The mean LOS was 7.67 days and the LOS for high-volume hospitals/surgeons was, on average, 28%/31% shorter than that for low-volume hospitals/surgeons. The mean hospital treatment cost was US$2,344.08, and the average hospital costs for high-volume hospitals/surgeons were 10%/13% lower than those for low-volume hospitals/surgeons. Advanced age, male gender, high Charlson co-morbidity index, and current treatment in a low-volume hospital, by a low-volume surgeon, and via open gastric bypass were significantly associated with long LOS and high hospital treatment cost (P < 0.001).

CONCLUSIONS

The data suggest that annual surgical volume is the key factor in hospital resource utilization.

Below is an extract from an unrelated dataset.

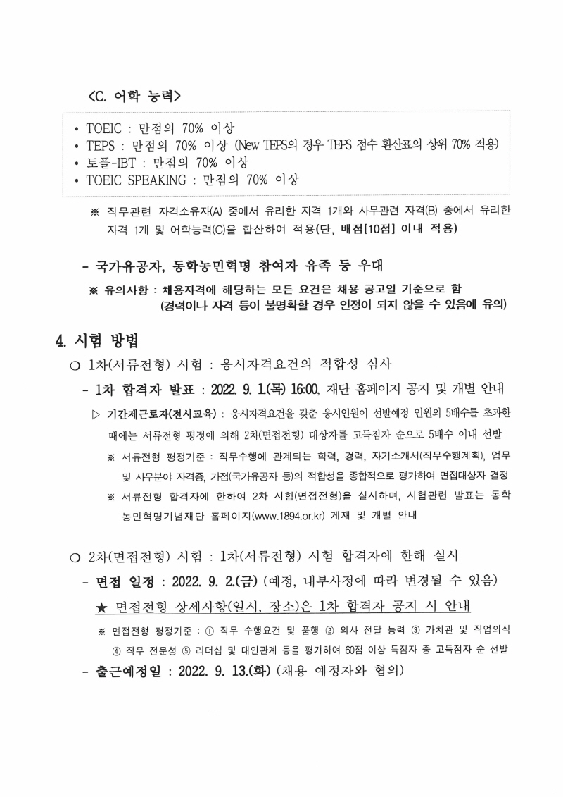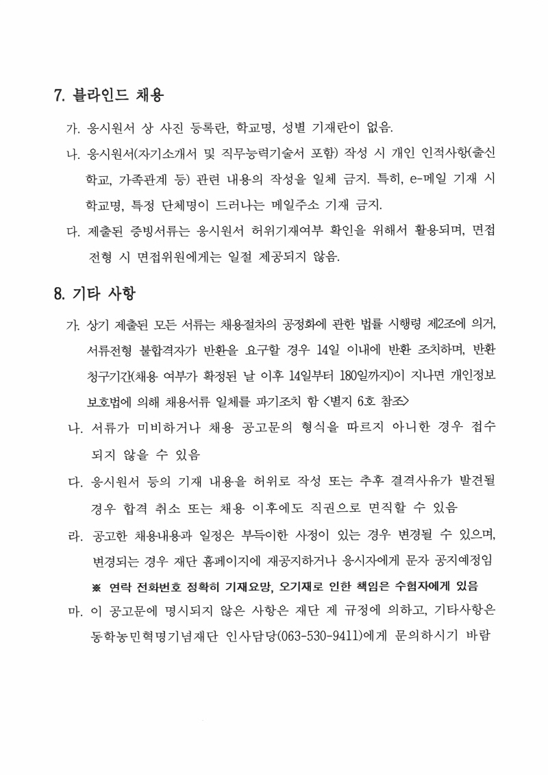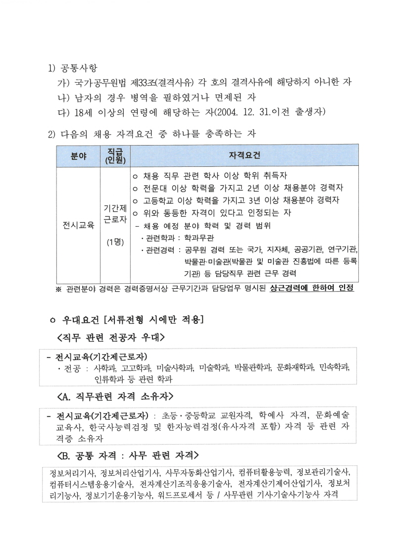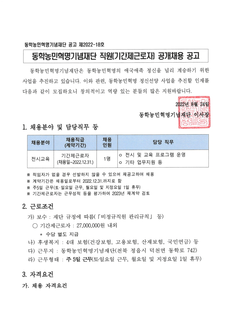 직원(기간제근로자) 공개채용 공고

The results improve the understanding of medical resource allocation for this surgical procedure and can help to formulate public health policies for optimizing hospital resource utilization for related diseases.

摘要

背景

本研究旨在探讨医院和外科医生手术量对减重手术后医院资源利用的影响,并确定在台湾全国人群中预测住院时间(LOS)和医院治疗费用的指标。

方法

本基于人群的队列研究回顾性分析了 1997 年至 2008 年间进行的 2674 例减重手术。如果医院每年的减重手术数量<35 例,则将其分类为低容量医院;如果≥35 例,则将其分类为高容量医院。如果外科医生每年的减重手术数量<15 例,则将其分类为低容量外科医生;如果≥15 例,则将其分类为高容量外科医生。使用分层线性回归模型预测 LOS 和医院治疗费用。

结果

平均 LOS 为 7.67 天,高容量医院/外科医生的 LOS 平均比低容量医院/外科医生短 28%/31%。平均医院治疗费用为 2344.08 美元,高容量医院/外科医生的平均医院费用比低容量医院/外科医生低 10%/13%。高龄、男性、高 Charlson 合并症指数以及在低容量医院、低容量外科医生处进行的当前治疗以及通过开放式胃旁路手术与 LOS 长和医院治疗费用高显著相关(P<0.001)。

结论

数据表明,每年的手术量是医院资源利用的关键因素。研究结果提高了对该手术医疗资源分配的认识,并有助于制定公共卫生政策,以优化相关疾病的医院资源利用。